* Exercise
In the data below, begin at the line with "Description: cca 1980-as" and stop after the line with "i Приборы могут"; output those lines exactly and no pictures.

* Supplied entries

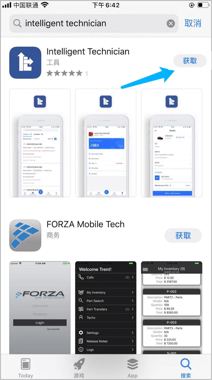技师在搜索栏输入“Intelligent Technician”,点击“获取”,开始下载。
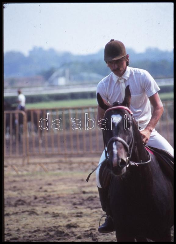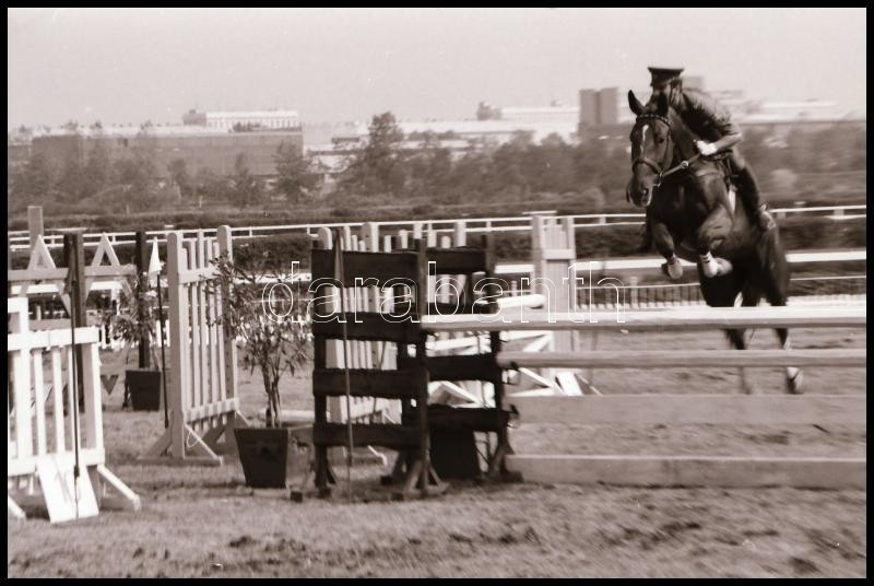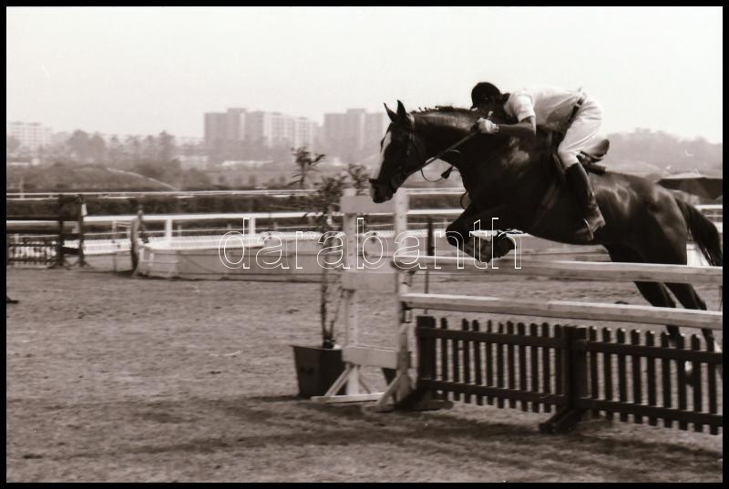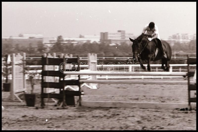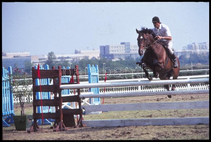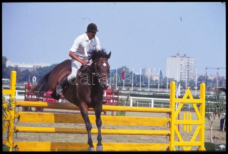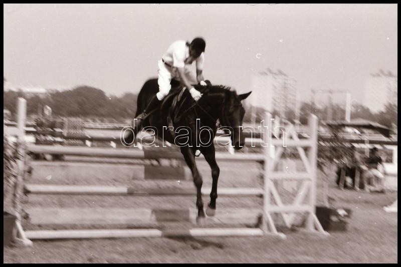 Description: cca 1980-as évek, Magyar Alfréd budapesti fotóművész lovakról, lovasokról, akadálypályán ugrásokról készített felvételei, 25 db vintage NEGATÍV + 9 db vintage DIAPOZITÍV felvétel, 24x36 mm
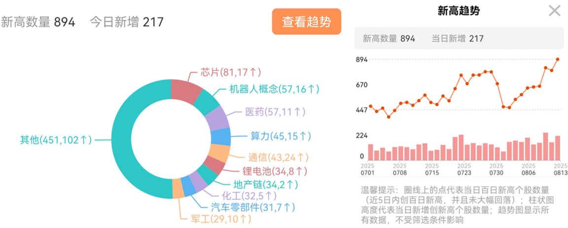 从百日新高,判断板块轮动节奏还是比较准的,昨日的百日新高数据再创新高,目前是在芯片>机器人(自主可控)>医药>算力,芯片板块重回C位
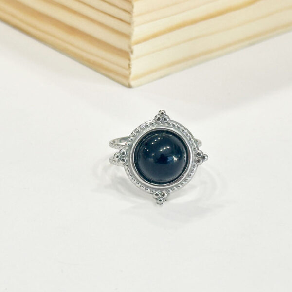 Ατσάλινο Δαχτυλίδι Με Χρωματιστή Πέτρα – Ασημί Μαύρο
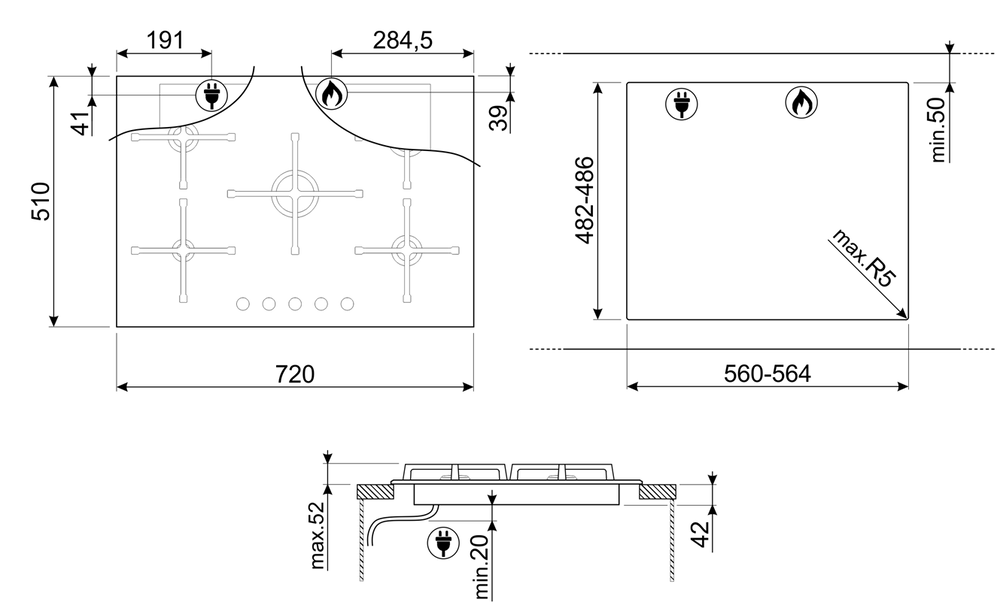 i Приборы могут имеют разное количество газовых, электрических и индукционных конфорок. Выбирайте оптимальный вариант для комфортной готовки.
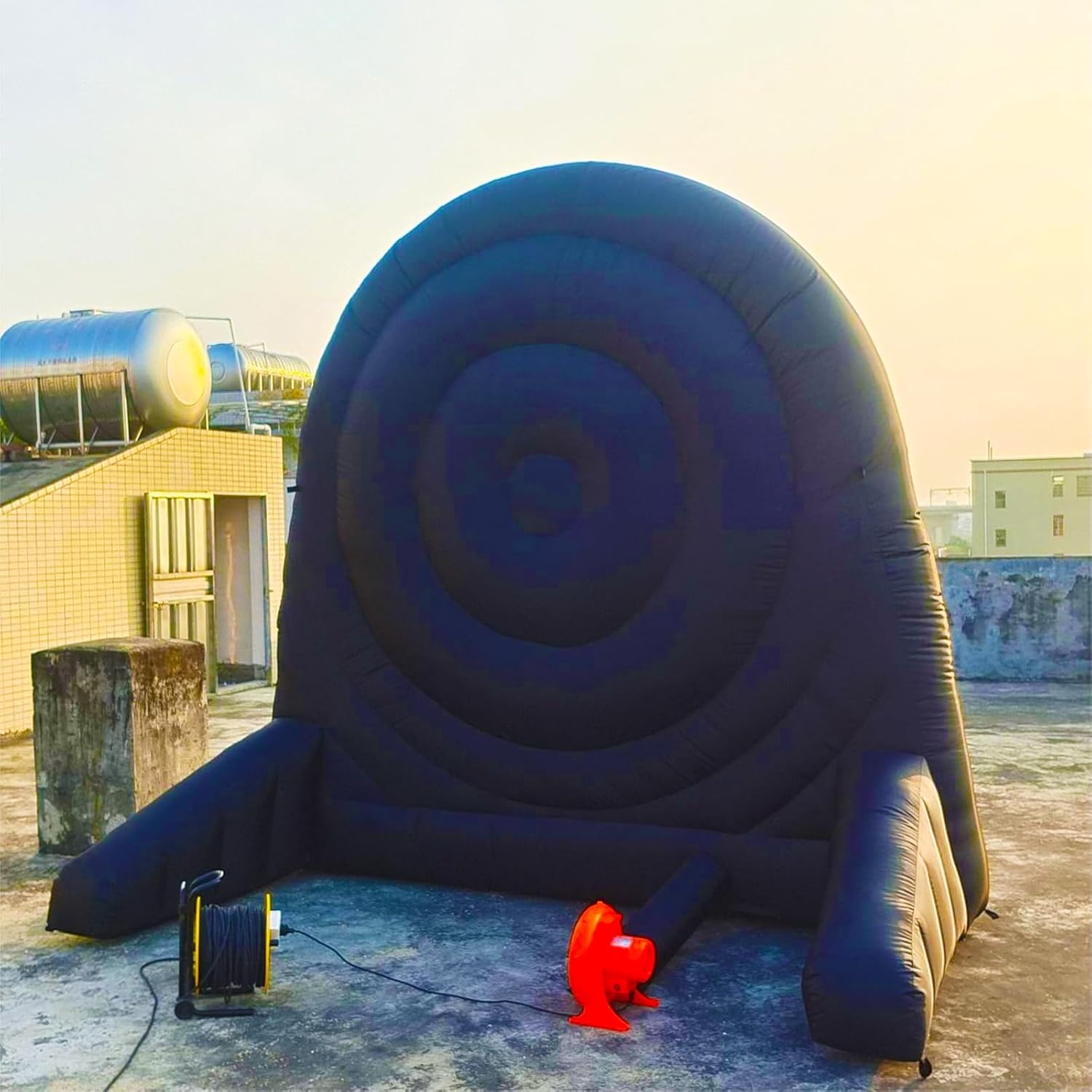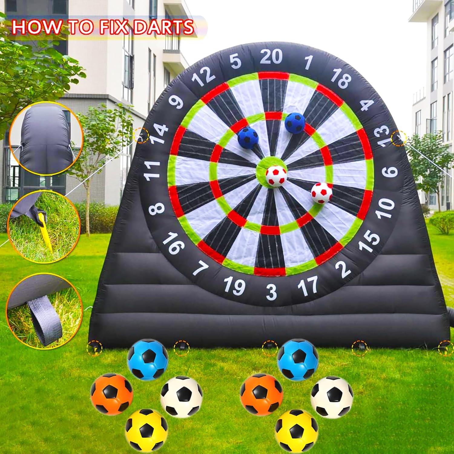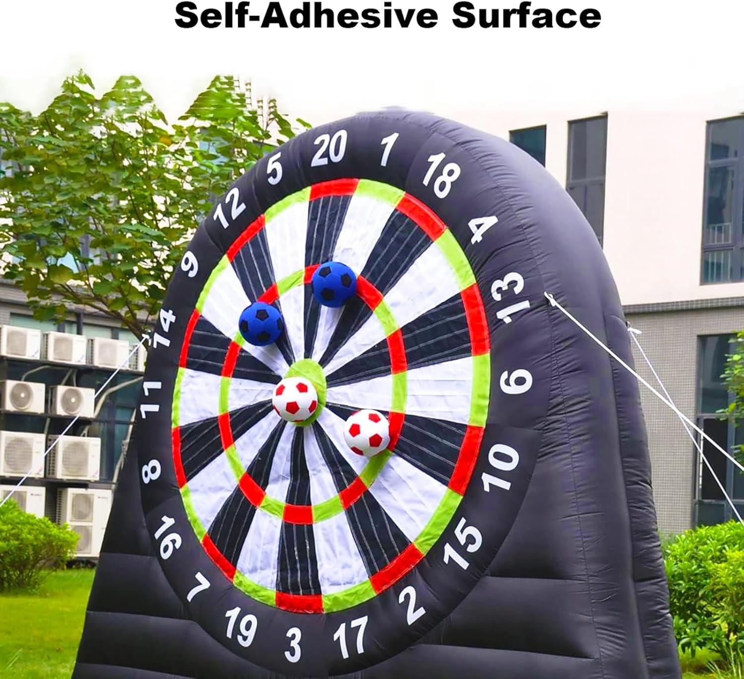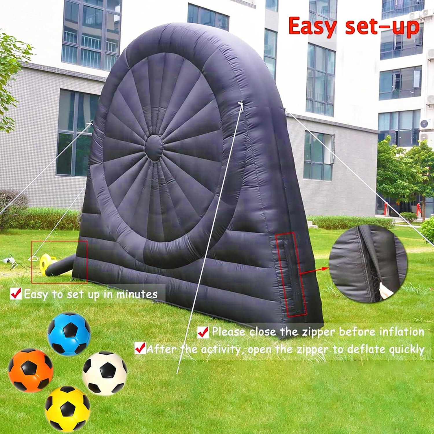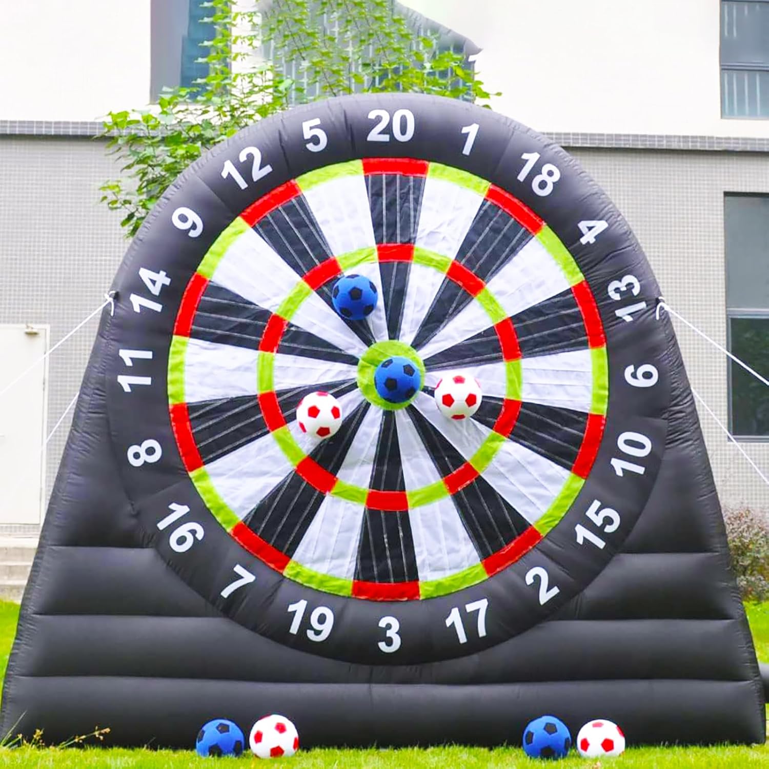 【Bersaglio Extra Adesivo】---Niente più palline che cadono dal bersaglio. Realizzato per garantire la massima adesione e una presa extra, ma comunque facile da staccare dal bersaglio anche per i giocatori più piccoli. 【Materiale】---Dimensioni del nostro bersaglio gonfiabile per freccette da calcio: 3 m x 3 m (larghezza x altezza); il bersaglio gonfiabile è realizzato in tessuto Oxford 210D, in grado di prevenire l'elettricità statica e garantire una maggiore resistenza all'usura. Tutti i giunti delle freccette da calcio sono realizzati con tecnologia a doppia cucitura per una maggiore tenuta d'aria e durata. 【Installazione Rapida】--- Ci vogliono solo 2 minuti per gonfiare il bersaglio gigante per freccette da calcio e mantenerlo gonfio per tutta la durata dello spettacolo quando è collegato alla corrente, in modo da non dover perdere molto tempo per installarlo; ricordarsi di chiudere la cerniera prima di gonfiarlo. Al termine del gioco, aprire la cerniera per sgonfiarlo e riporlo rapidamente. 【Caratteristiche】---Il Kick Darts è l'ultimo sport che unisce il calcio e le freccette. -Il bersaglio da calcio è adatto a bambini e adulti; tutti i bersagli gonfiabili hanno una superficie autoadesiva; si calciano palloni da calcio pelosi contro l'enorme bersaglio alto 3 metri, si tiene il punteggio o si inventa il proprio gioco. 【Applicazione】---Fantastico per gli appassionati di calcio e football, ma anche per attività di noleggio, scuole, giornate in spiaggia, campi estivi, eventi aziendali, gruppi comunitari, feste in giardino e amici e familiari per godersi uno stile di vita attivo e promuovere il lavoro di squadra.
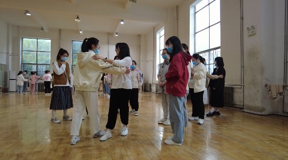 本次公开课前,员工通过学习通首先学习了《公修体育舞蹈》线上课程内容:橄榄步:结合视频展示和教师分解讲解。公开课准备活动,带领员工复习古风爵士街舞《骁》,张老师身着汉服,使员工更直观的感受汉服在跳古风舞蹈的美感,弘扬古典文化,凸显文化自信。接着,进行舞步接龙游戏,将所学舞步进行接龙,挑战失败的同学奖励展示《骁》。然后,进行新舞步的教学——橄榄步,因其形状像橄榄球所以命名。线上展示男女舞步合位的动作,线下展示男步和女步,然后先交男步,女步根据男步进行探究式的研究女步,促进员工学习的积极性。并在教学中引导员工回忆类似舞步——折转步,分析相同和不同的地方,增加员工学习的记忆深度。男步和女步合位时的位置关系,挑选两对员工进行对比,让员工找不同,加深对舞步的理解。最后分组进行创编,将本节课的内容融入都上次课的创编中,考虑队形变化,舞蹈动作的充分展示。下课前进行小组展示,针对每组的情况进行分析,鼓励大家多长尝试。
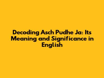 The Literal Translation: What Does 'Asch Pudhe Ja' Actually Mean?

* Written reply
 Description: cca 1980-as évek, Magyar Alfréd budapesti fotóművész lovakról, lovasokról, akadálypályán ugrásokról készített felvételei, 25 db vintage NEGATÍV + 9 db vintage DIAPOZITÍV felvétel, 24x36 mm
 从百日新高,判断板块轮动节奏还是比较准的,昨日的百日新高数据再创新高,目前是在芯片>机器人(自主可控)>医药>算力,芯片板块重回C位
 Ατσάλινο Δαχτυλίδι Με Χρωματιστή Πέτρα – Ασημί Μαύρο
 i Приборы могут имеют разное количество газовых, электрических и индукционных конфорок. Выбирайте оптимальный вариант для комфортной готовки.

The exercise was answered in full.